Three days since they’d brought Bran in, three days since she hadn’t seen him and three days since she last stepped out of her room.
She’d gone back to being the prisoner she once was.
Maria still couldn’t believe how one of the best days in her life had turned so drastically into one of the worst.
How was it possible that one moment she’d been happy, finally let out of her room and into the brightness again, then the next moment, she’d been plunged into darkness, the brightness stolen from her?
Everyday, she sat by her window, hoping to see Bran walk out of the house in all his six-foot-seven glory, that seductive stride and that peculiar harsh scowl on his face.
But she knew that it was only wishful thinking.
She pestered Olivia whenever she brought her meals, asking her if there were improvements on Bran, but she was just as clueless as Maria was.
Apparently, the situation was being contianed as much as it could because they didn’t want word of it getting across these walls and she understood why.
If people found out that the vampire king was badly injured and unconscious, it would cause a stir that would spread out like wildfire.
And nobody wanted to tell her anything because they considered her a person of insignificance.
Maria looked up when her door creaked open and Olivia’s head snuck in between the small space.
“They’re moving him to the living room on this floor,” she whispered. “This is your chance to see him.”
Maria’s heart leapt in her chest as she felt the beginnings of hope blossoming inside her chest.

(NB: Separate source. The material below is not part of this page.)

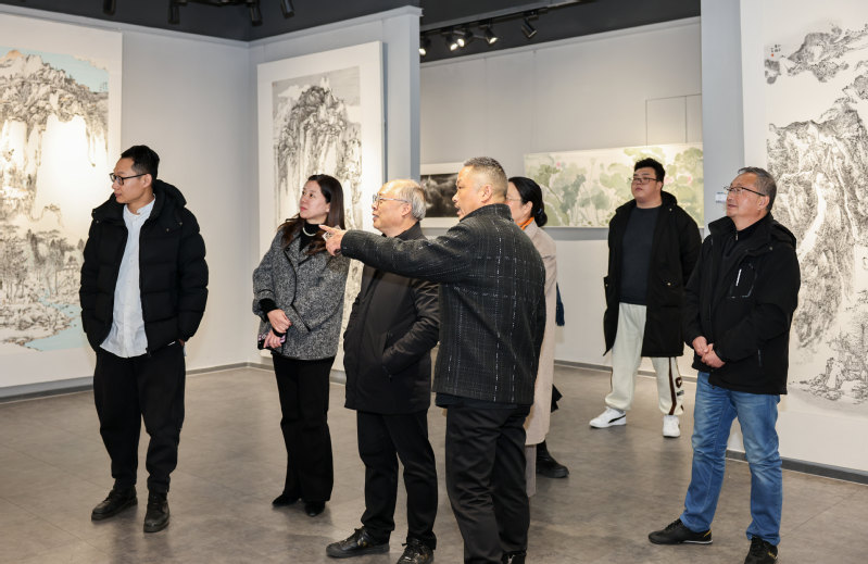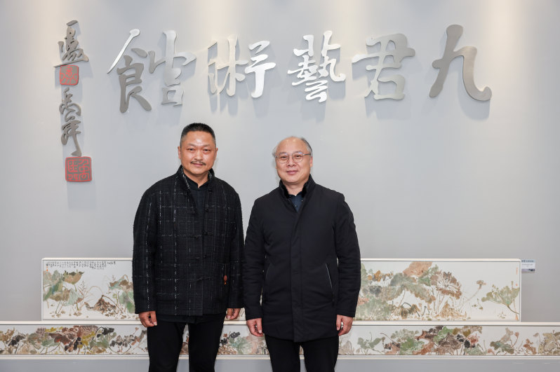 当天下午,吴访升等一行还受邀赴海虞镇九君艺术馆,参加《明远知行——九君写生创作展》。九君,原名孙修君,曾就读于永利官网服设922班,现为中国美术家协会会员,中国国家画院卢禹舜工作室画家,中国水墨画学会副秘书长,江苏省美术家协会会员,宿迁市第六届政协委员,宿迁市美协中国画艺委会主任,宿迁市民盟楚风画院副院长。作品先后被江苏省美术馆、江苏省现代美术馆,北京曹雪芹纪念馆、常熟市博物馆、刘海粟美术馆收藏。本次展览共展出他近年来前往全国各地写生创作的128幅精品力作,作品以独特视野、浓情笔墨,描绘了根植于大众生活的美好和憧憬。

She was finally going to see him!
She stood up from her chair and hurried over to Olivia, yet then she stopped when she remembered. “But the guards outside my door-”
“I distracted them,” Olivia cut in impatiently. “Now hurry.”
Maria did just that.
She wasted no time in shoving her feet into slippers and running out of her room, only stopping to hold onto Olivia’s hands. The woman turned to her with wide, surprised and confused eyes-they didn’t initiate contact a lot.

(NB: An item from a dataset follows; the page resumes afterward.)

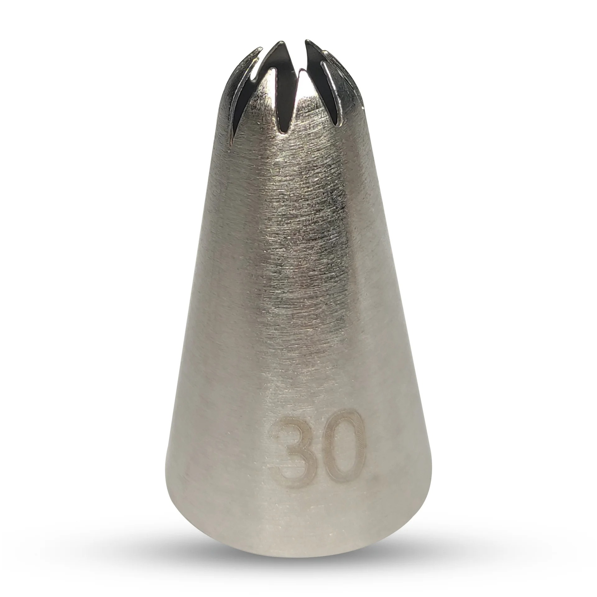 ماسوره ۳۰، ابزاری ساده و کاربردی برای ایجاد خطوط صاف، نقطه‌های ریز و جزئیات دقیق در تزئین کیک و شیرینی است. این ماسوره با دهانه گرد و اندازه مناسب، به قنادان امکان می‌دهد طرح‌هایی منظم، ظریف و زیبا روی دسرهای خود خلق کنند و جلوه‌ای حرفه‌ای به کیک‌ها ببخشند.

“Thank you so much,” Maria told her. “I owe you.”
Olivia simply smiled. “Don’t worry about that.” Then she gave Maria a light shove. “Now go before the guards come back.”
Nodding, she hastened away then realised that she didn’t know where the living room was on this floor and when she turned around, she saw that Olivia wasn’t there anymore.

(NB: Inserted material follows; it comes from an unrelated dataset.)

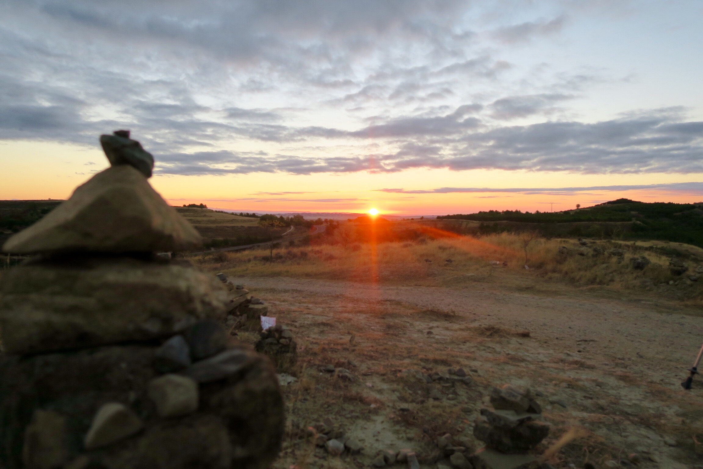 Comunque fatta colazione al volo mi incammino dietro a Grazia che è partita senza di me sapendo che tanto con il mio passo l’avrei raggiunta presto. Usciamo dalla città salendo col sole che sorge alle nostre spalle.

She would find it herself. It couldn’t be that hard to find it, right?
After walking for a bit, she found a huge door closed firmly shut.
This must be it.
Taking a deep breath and hoping that what she was about to do didn’t go south, she gripped the door handle and pulled it open.
Corey leaned against the wall on the far side of the room, his legs crossed at the ankles, and a familiar woman stood not far from him.
There, lying on a huge bed in the middle of what was supposed to be a living room, was Bran. His face was turned towards Corey and the woman, and she couldn’t see the rest of his body because it was covered by a sheet pulled up to his neck.
When she pulled the door open, all three heads turned in her direction and Maria thought that she would melt under the intensity of their stares.
She deliberately kept her gaze averted from Bran-she couldn’t look at him just yet.
“As I said before, I’m not the one you need,” the woman said, her voice low and commanding, carrying out across the huge room. “She is.”
Maria realised two things simultaneously.
One, this woman was the oracle she’d met in the vampire’s castle and two, she was pointing at her.